1996 was an excellent vintage, producing classic Chablis with ripe, concentrated flavours and firm acidity, requiring some bottle age to be at their best. 2000 and 2002 are more recent vintages to look out for. 2003 was too hot to produce anything really good but 2004 was back on track with some great wines and 2005 one of the very best of recent vintages (as in most of France).

 

The Côtes

Perhaps the most complicated wine region to come to grips with, the Côte d'Or is not, in fact, the "golden slope" but an abbreviation of Côte d'Orient, so-called because the very best slopes are to the east. The northern section, the Côte de Nuits, produces great red wines exclusively from Pinot Noir. Heading south from Beaune, the Côte de Beaune produces elegant reds and the finest Chardonnays. Further south is the Côte Chalonnaise, home to such villages as Givry, Rully and Mercurey where some of the best value Pinots and Chardonnays can be found.

At the top of the ladder are the Grands Crus (maximum yields of 35hl/ha for reds and 40hl/ha for white wines), followed by the Premier Cru and village wines (40hl/ha and 45hl/ha respectively). Given that vineyard plantings are particularly dense at up to 10,000 vines per hectare (4,000 per acre) and that most vineyards are harvested manually, there is considerable scope for selection of only the best grapes.

The region has enjoyed a run of good to very good vintages throughout the nineties (with the exception of 1994) culminating in the outstanding 1999s (more recently, 2002 and 2005 are the vintages to look out for). However, because there are so many small parcels of separately owned vineyards, it is more important to know which producers to look out for (as opposed to those who are merely trading on the Burgundy name) than looking at vintages. Trial and error is a sure but expensive way to achieve this; recommendations from friends, reliable wine merchants or critics can help point the less experienced in the right direction.

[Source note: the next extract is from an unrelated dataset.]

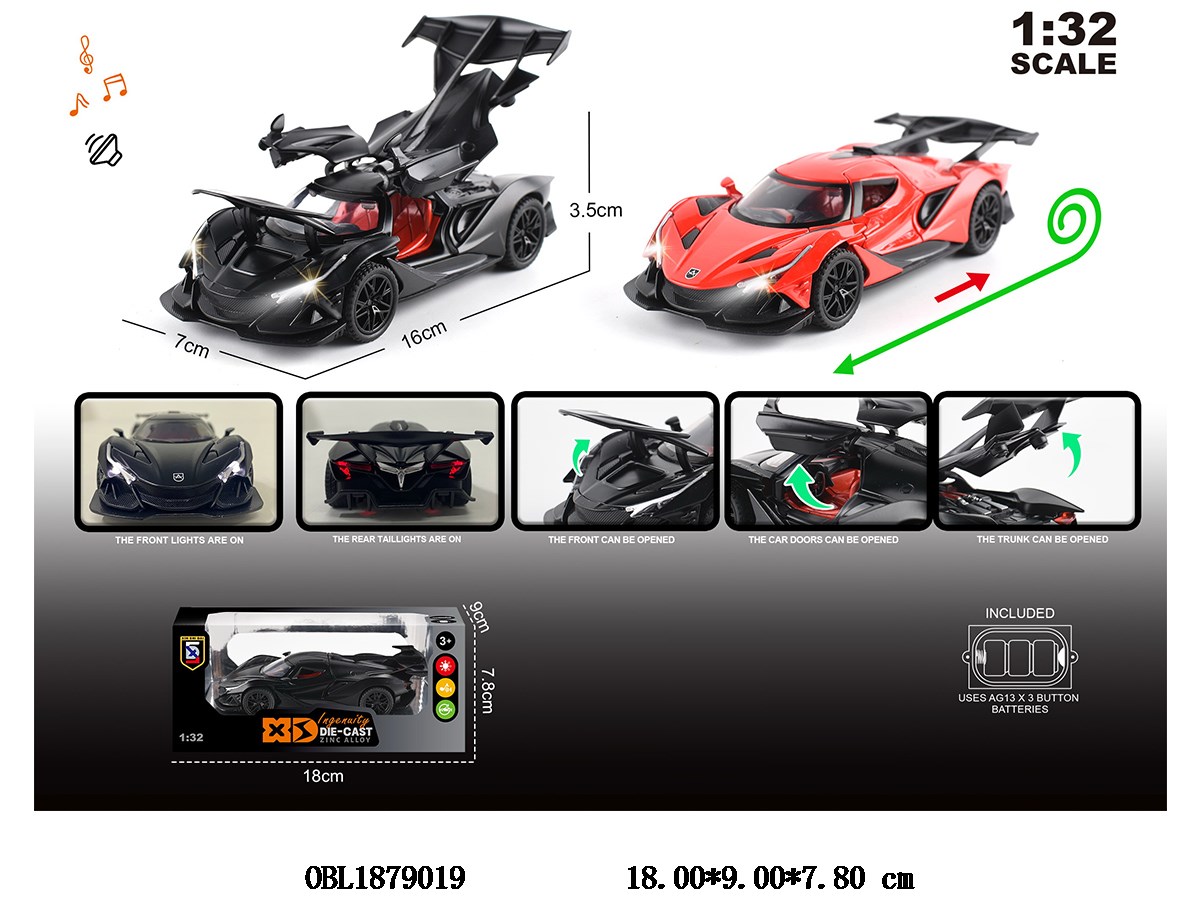 1: 32 zinc alloy regenerative car with light and sound, capable of opening doors, 3 * AG13 electric package, 2-color mixed design
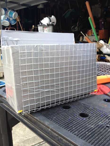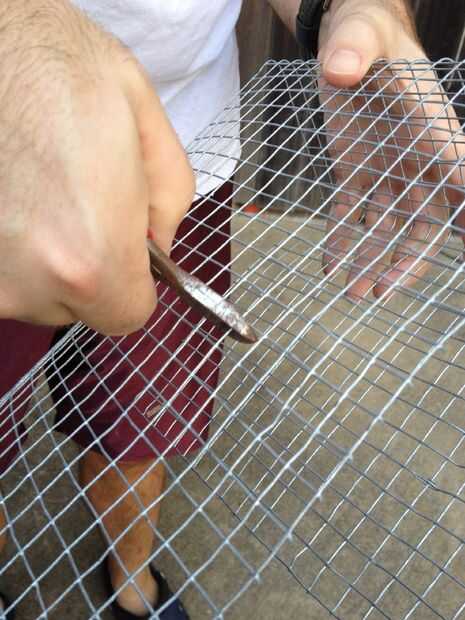 Doblar la malla para envolver alrededor de la parte exterior de la caja. Usando un martillo y el borde recto de cualquier superficie de trabajo duro, usted necesitará hacer dos curvas.

We are thrilled to be working with Domaine Joblot, widely regarded as the best estate in the Chalonnaise, and Jacques Girardin, recently taken over by the young Justin Girardin who is taking his family's domaine in Santenay to a new level. More recently, Juliette Joblot introduced us to Antoine Lienhardt, who is beginning to make a name for himself from his base just outside Nuits St Georges.

 

Beaujolais

Whilst technically the southernmost region of Burgundy, the Beaujolais is in many ways a different world. Whereas the principal grape for red wines further north is Pinot Noir, the Beaujolais is the home of the Gamay grape. It is, perhaps, best known for Beaujolais Nouveau, a very light wine which appears on the shelves every November on the third Thursday (known as "Beaujolais Day"). These first releases are simple, often one-dimensional, light wines for immediate drinking and, unfortunately, many people have the impression that all Beaujolais wines are in this mould. In fact, the region produces some excellent wines in ten village appellations, known as the Crus, of which Fleurie is, perhaps, the best known in the UK. With only a few years’ bottle age, the quality of the Gamay fruit grown here can be rich enough to trick connoisseurs into believing that they are drinking mature Pinot Noir.

Photographs: the Chapel of the Madonna, Fleurie and the village of Fleurie (the chapel is high on the hill in the distance)

With the exception of 1992, the nineties witnessed a run of very good to excellent vintages, and since the Millenium, almost every vintage has been successful. Gamay does not seem to give too many headaches in the growing stages at least.